What the task asks: Your answer must restate the listing below word for word and contain no images.
___ Given material
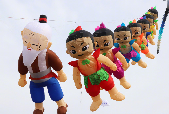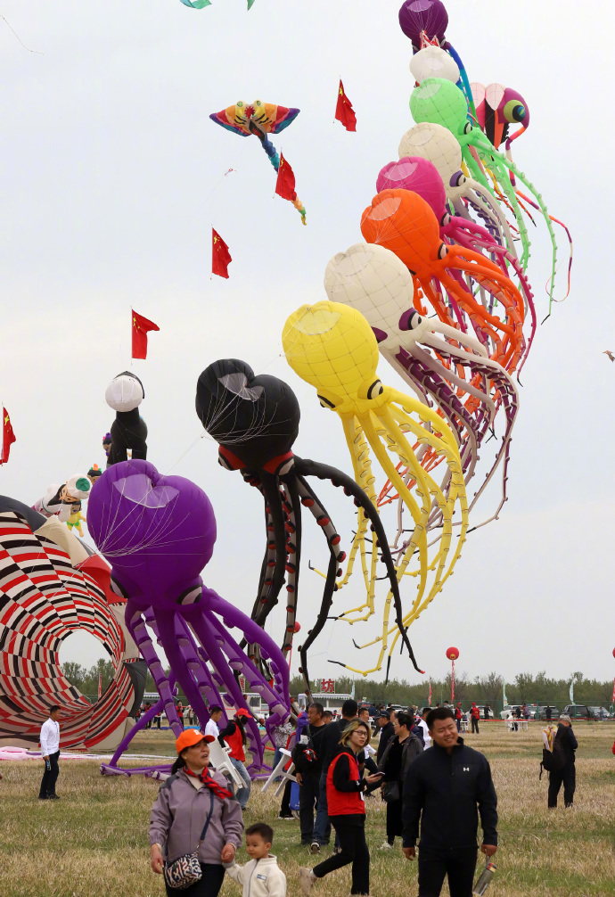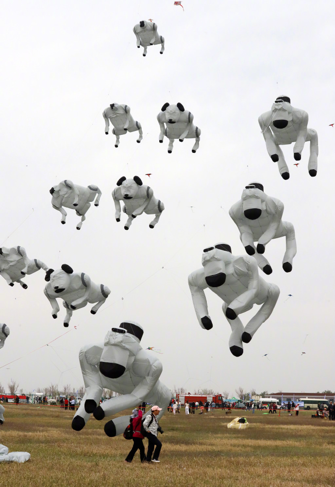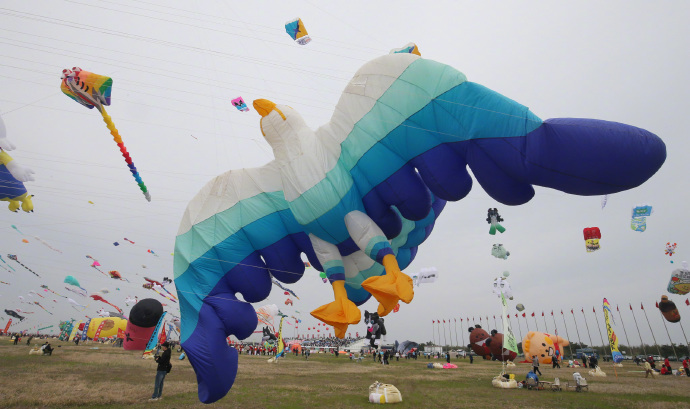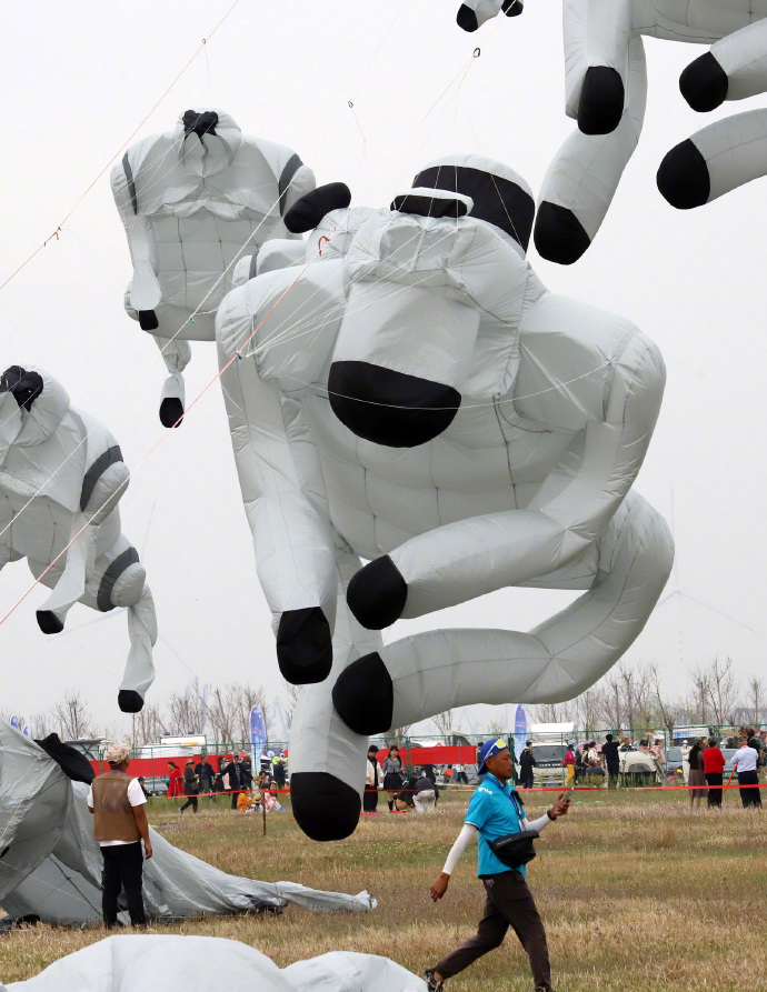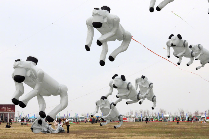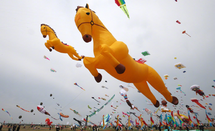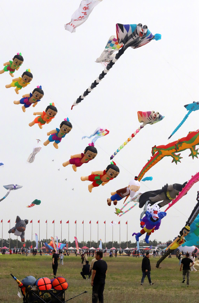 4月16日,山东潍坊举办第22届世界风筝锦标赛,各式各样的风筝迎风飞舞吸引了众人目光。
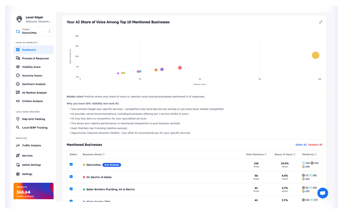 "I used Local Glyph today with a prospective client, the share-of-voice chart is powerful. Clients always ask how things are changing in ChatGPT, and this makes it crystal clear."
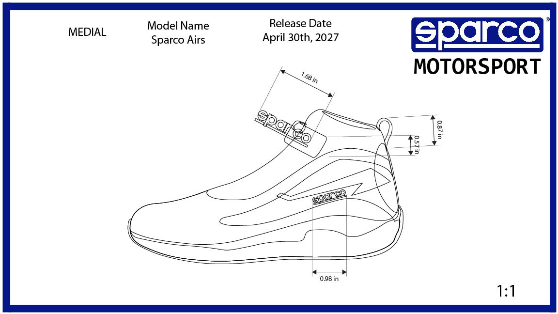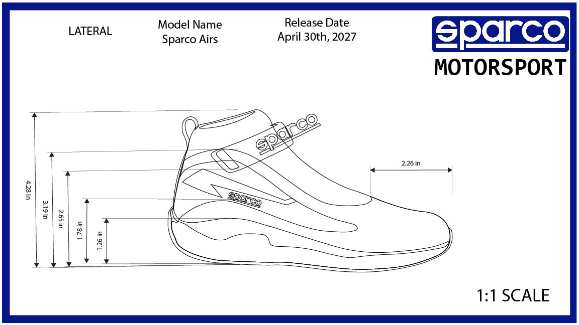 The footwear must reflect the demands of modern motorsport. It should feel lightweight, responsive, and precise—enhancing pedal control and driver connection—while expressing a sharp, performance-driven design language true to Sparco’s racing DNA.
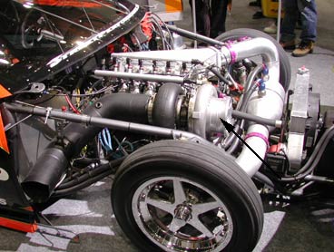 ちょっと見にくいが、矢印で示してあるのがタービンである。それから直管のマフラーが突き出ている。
______
The completed task:
 4月16日,山东潍坊举办第22届世界风筝锦标赛,各式各样的风筝迎风飞舞吸引了众人目光。
 "I used Local Glyph today with a prospective client, the share-of-voice chart is powerful. Clients always ask how things are changing in ChatGPT, and this makes it crystal clear."
 The footwear must reflect the demands of modern motorsport. It should feel lightweight, responsive, and precise—enhancing pedal control and driver connection—while expressing a sharp, performance-driven design language true to Sparco’s racing DNA.
 ちょっと見にくいが、矢印で示してあるのがタービンである。それから直管のマフラーが突き出ている。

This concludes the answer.